Jayachandran Palazhy deconstructs his most recent contemporary performance piece and tells Harshini Vakkalanka why contemporary dance has the most honest expression

December 02, 2012 02:30 am | Updated 03:38 pm IST

Jayachandran Palazhy

Jayachandran Palazhy

The central theme of AadhaaraChakra-A Dancelogue is life in the cities and the urban landscape, but when Jayachandran Palazhy, who conceived and directed the performance, was asked to create a piece about the Indian urban landscape, he took the idea one step ahead. “I didn’t want to make another piece about a particular city or a particular location. I wanted to go deeper into the phenomenon of urban life and what kind of layers and complexities it consists of. So I looked at the idea of an imagined urban landscape where multiple strands of people’s lives, their histories, their memories, their imaginations and aspirations come together,” explains the artistic director of the Attakkalari Centre for Movement Arts, which performed the piece.

The imagined urban landscape in his vision brings together India’s diversity in terms of religion, cultures, languages and its people amidst the rapidly-changing landscapes, livelihoods and chaos. This he wanted to study, through the idea of memories.

“I wanted to look at the memories that people carry across regional cultures, but through different layers. For instance, I look at monuments, which are testimony to time and carry so much history in their memories. I often wonder what kind of people lived here, what kind of events took place in these monuments.”

The narrative structure that then took shape was a combination of poetic imagination as well as the reality of history and memories. This structure was a blend of multimedia along with dance. Multimedia, in the form of lights, videos, soundscapes, and filmic images, brought life to the memories, and enabled them to be expressed in a non-linear fashion.

The dance itself is a product of extensive research, which is a reflection of authenticity and commitment — it brings meaning to the idea of contemporary dance, he adds. “In this production, dancers have been collaborators. They researched their characters, they improvised and underwent a lot of training in folk, classical forms. We have got elements of Devarattam, Kalaripayattu, Bharatanatyam, Kathak, Kuchipudi, and yogic practises all woven in with a contemporary approach,” he explains.

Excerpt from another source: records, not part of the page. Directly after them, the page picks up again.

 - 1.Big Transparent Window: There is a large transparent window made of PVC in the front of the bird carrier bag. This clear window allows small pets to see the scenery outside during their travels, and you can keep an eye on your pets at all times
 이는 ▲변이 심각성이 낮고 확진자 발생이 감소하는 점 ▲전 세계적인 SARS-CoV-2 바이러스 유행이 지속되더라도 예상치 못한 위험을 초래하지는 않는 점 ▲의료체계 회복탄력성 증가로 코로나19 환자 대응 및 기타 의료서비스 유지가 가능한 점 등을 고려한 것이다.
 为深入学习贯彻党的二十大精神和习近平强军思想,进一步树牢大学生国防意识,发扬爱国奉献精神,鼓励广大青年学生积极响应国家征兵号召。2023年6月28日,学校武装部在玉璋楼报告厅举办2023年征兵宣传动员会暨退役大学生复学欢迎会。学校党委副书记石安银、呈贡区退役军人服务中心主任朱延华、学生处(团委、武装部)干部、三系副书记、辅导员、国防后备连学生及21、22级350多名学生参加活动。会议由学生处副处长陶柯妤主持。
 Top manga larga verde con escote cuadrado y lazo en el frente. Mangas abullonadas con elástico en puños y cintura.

“It’s not easy and it takes a long time to practice because we are deconstructing languages. If you take simply classical movements and put it there, it won’t necessarily work. You have to work with it and change it a little bit. Also, then one form does not become a threat to another.”

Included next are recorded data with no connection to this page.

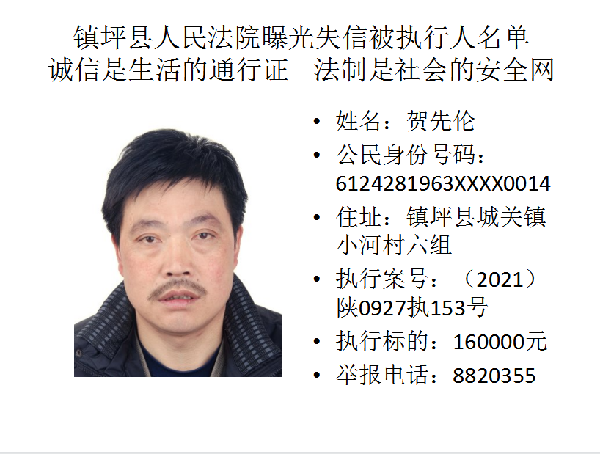 曝光失信 | 鎮(zhèn)坪法院2022年第一期失信人員名單公布
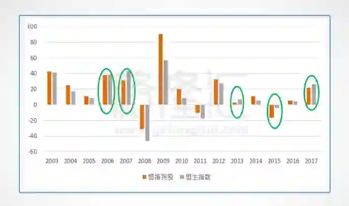 假如你用固定金额进行投资,每年花5分钟,按照股息率挑选出十只“狗股”买入,并且在第二年“去糟求精”。回测2003年1月1日至2017年7月27日数据显示,在过去15年,只有5年的“狗股”是跑输恒生指数(已经考虑派息)的表现,跑赢恒指的概率达到66.67%。
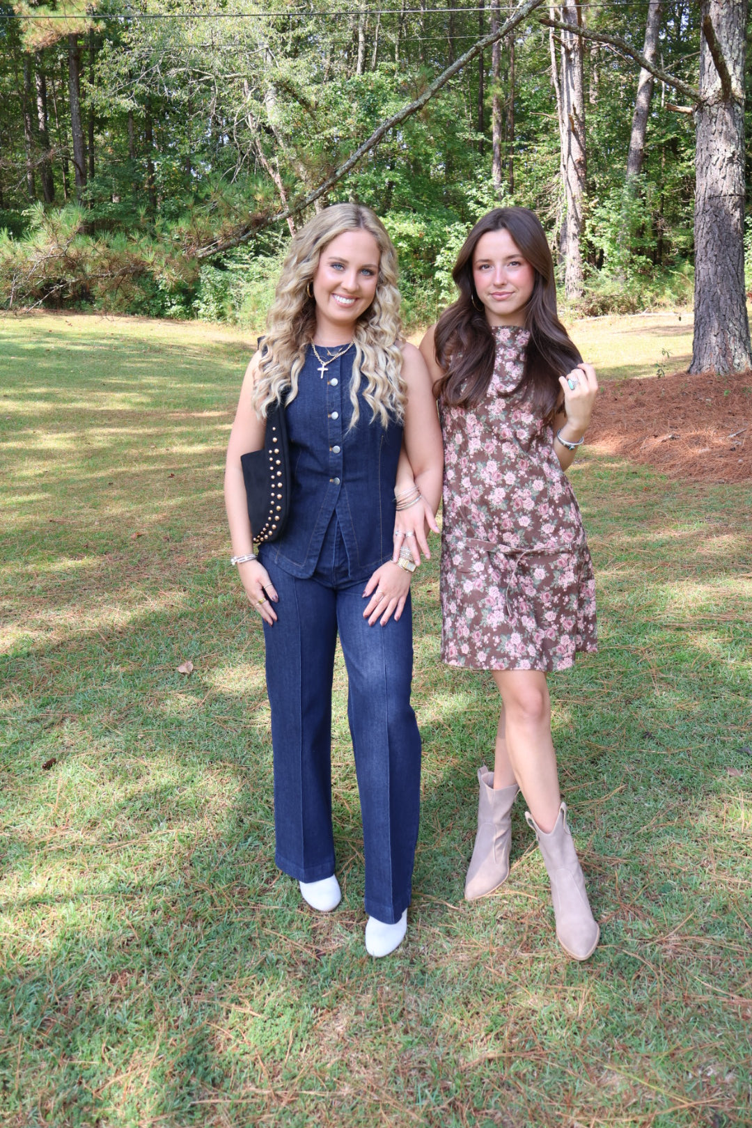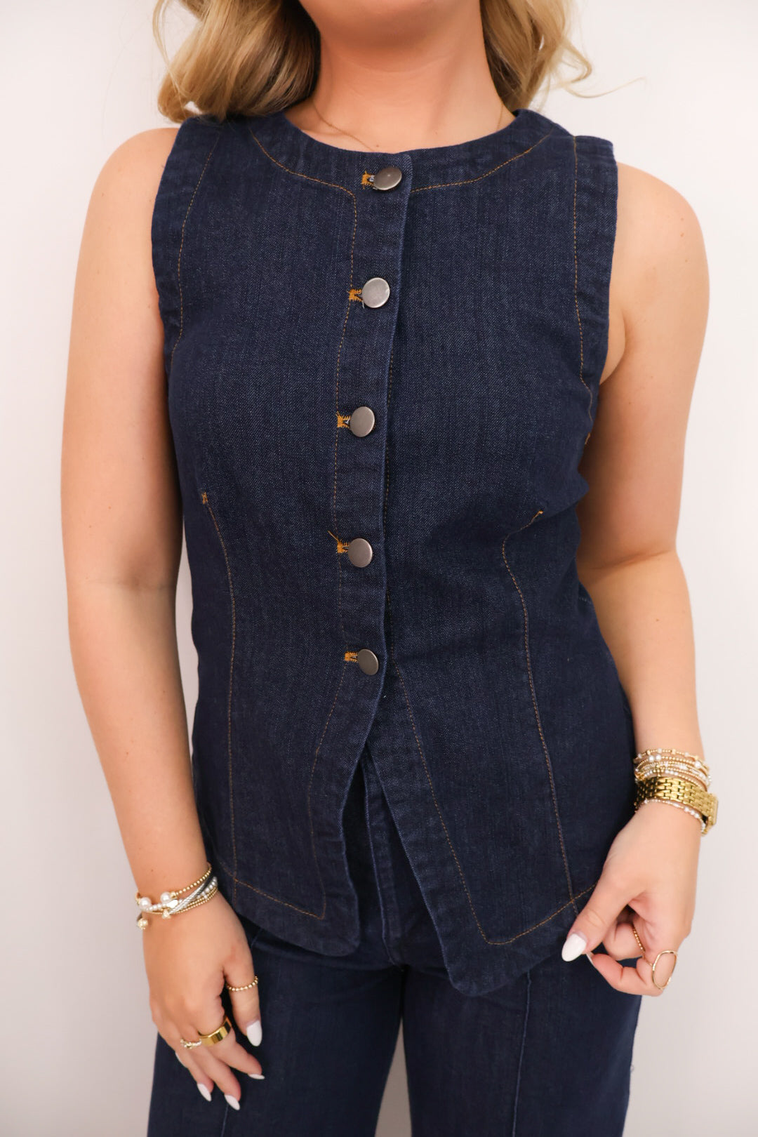 - Matching denim set with vest + wide-leg pants
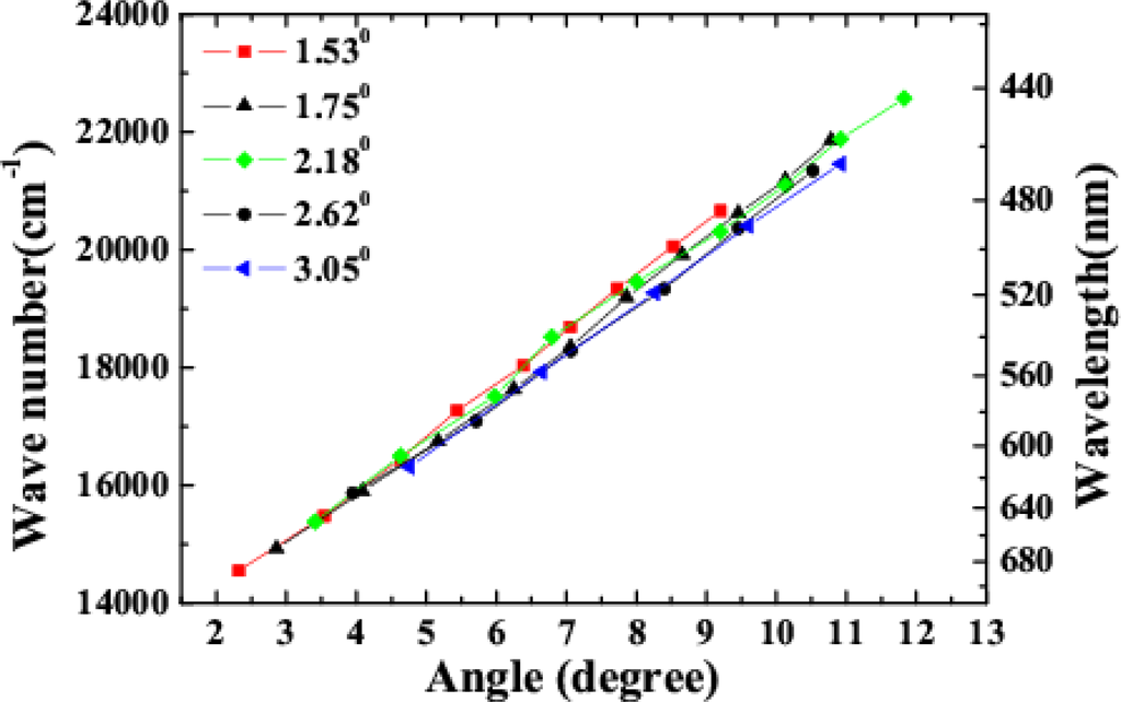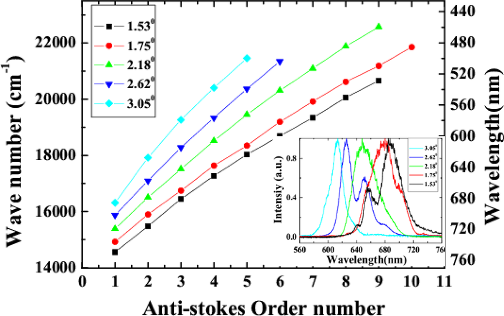 Variability of spectra of the sidebands on the crossing angle was studied. In the experiment, two beams were set at five different crossing angles in the air, 1.53°, 1.75°, 2.18°, 2.62° and 3.05°. We found that the spectra of the sidebands and the conversion efficiency were changed by varying the crossing angle, as shown in Figure 20 and its inset. Brightest sidebands signals were observed when the crossing angle was 1.75°. As the crossing angle was decreased, the sidebands became close to each other both in frequency and space. Weak continuous line was generated when the crossing angle was reduced to smaller than 1.0°. The frequency space between the two different sidebands was increased gradually with the increase of the crossing angle between the two input beams. For example, the frequency space between AS1 and AS2 was increased from 924 cm−1 to almost 1,608 cm−1 when the crossing angle was increased from 1.53° to 3.05°, as shown in Figure 20. The spectrum of AS1 was shifted to high frequency with the increasing of the crossing angle. We could see that the center wavelength of the sidebands can be tuned in a large bandwidth by changing the crossing angle. As the sidebands order was increased, the frequency separateness between the neighboring sidebands was gradually decreased. The frequency space between AS1 and AS2 is about 1,117 cm−1, which is gradually decreasing to 691 cm−1 for AS8 and AS9.

This is what makes the whole process interesting because then there is a field of vibrant expressions that can touch people with its sheer investment in terms of time, energy and intellectual input, he says. “That whole space then opens up and the younger generation also becomes interested in this adventurous way of finding out more. But it is also important that dancers then own the movement.”

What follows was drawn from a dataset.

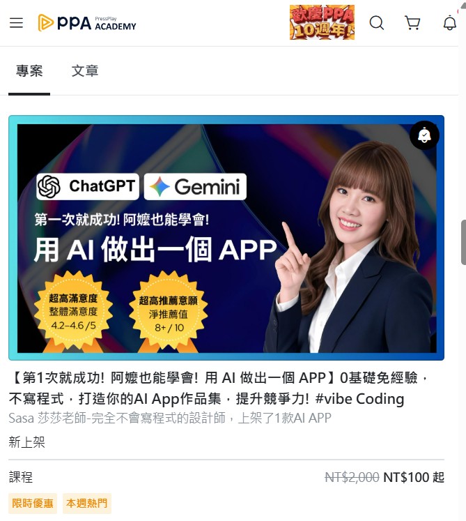 AI APP課剛正式上架到PressPlay(擁有超過140萬學員的線上學習平台),
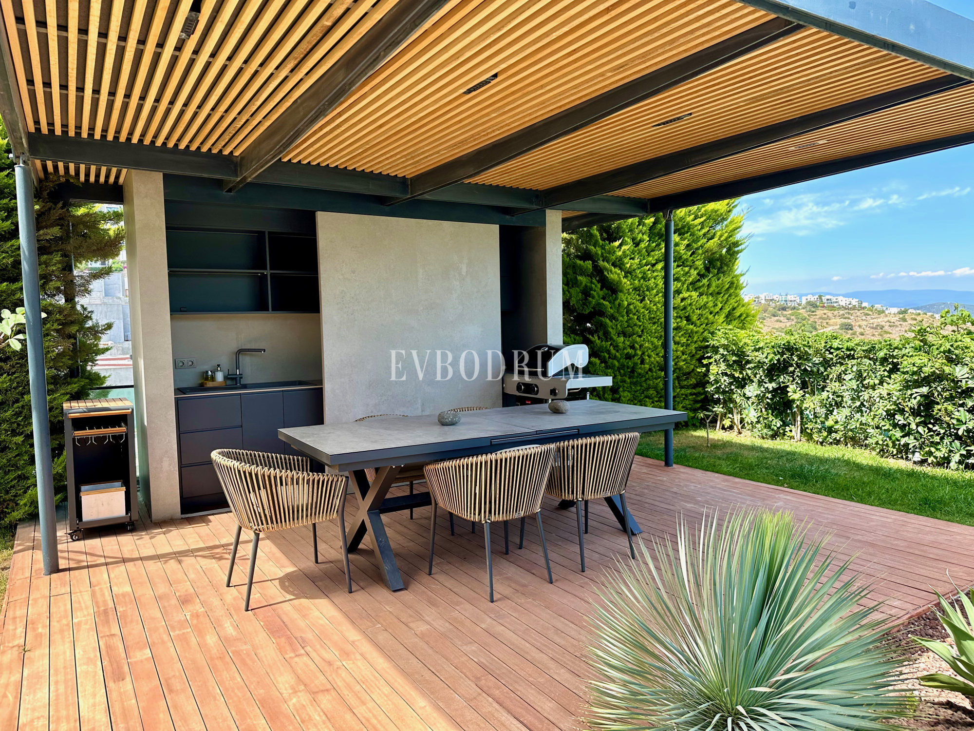 Açık mutfak kış için kapatılabilir, tam donanımlıdır ve gölgeli açık yemek alanı konukları ağırlamak için idealdir.

Jayachandran feels that contemporary dance is easy to own because it works so closely with body movements. “The most immediate way we experience the universe is through our body. This is why contemporary dance is the most honest expression because body movement, as they say, cannot lie. Even if you are pretending, it shows.”

The honesty in contemporary dance also reflects in the fact that the framework of the dance is unique to each person. “Each one of us has unique experiences and when we create something, it stems from that unique expression. In contemporary dance, the language of the form is not given, the subject is not given, it’s all arrived at.”

It is the same with the audience too because the audience also experiences the dance based on their own experiences, habits, memory, training and relationships. So each time the dance is performed, the experiences of each member in the audience is different.